#### DATA PROVIDED

BEGIN

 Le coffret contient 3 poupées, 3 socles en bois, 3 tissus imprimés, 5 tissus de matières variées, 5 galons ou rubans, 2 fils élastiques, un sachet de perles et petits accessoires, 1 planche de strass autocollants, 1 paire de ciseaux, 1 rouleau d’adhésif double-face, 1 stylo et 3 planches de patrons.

END
BEGIN

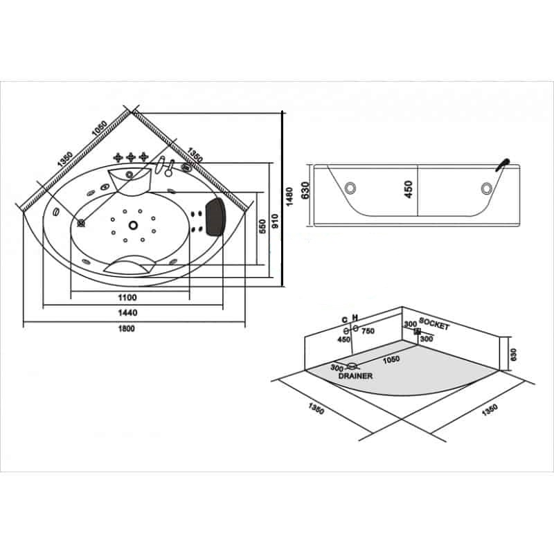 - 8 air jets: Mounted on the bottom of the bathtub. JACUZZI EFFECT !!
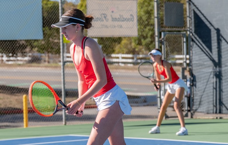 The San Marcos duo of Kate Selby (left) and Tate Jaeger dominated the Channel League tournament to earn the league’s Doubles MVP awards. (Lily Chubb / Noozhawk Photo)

END

#### DESCRIPTION OF THE TASK
In the entries above, find the line that contains "- 8 air jets: Mounted" and the line that contains "The San Marcos". Reproduce exactly those two lines and every line between them, but not the pictures.

#### RESULT OF THE TASK
 - 8 air jets: Mounted on the bottom of the bathtub. JACUZZI EFFECT !!
 The San Marcos duo of Kate Selby (left) and Tate Jaeger dominated the Channel League tournament to earn the league’s Doubles MVP awards. (Lily Chubb / Noozhawk Photo)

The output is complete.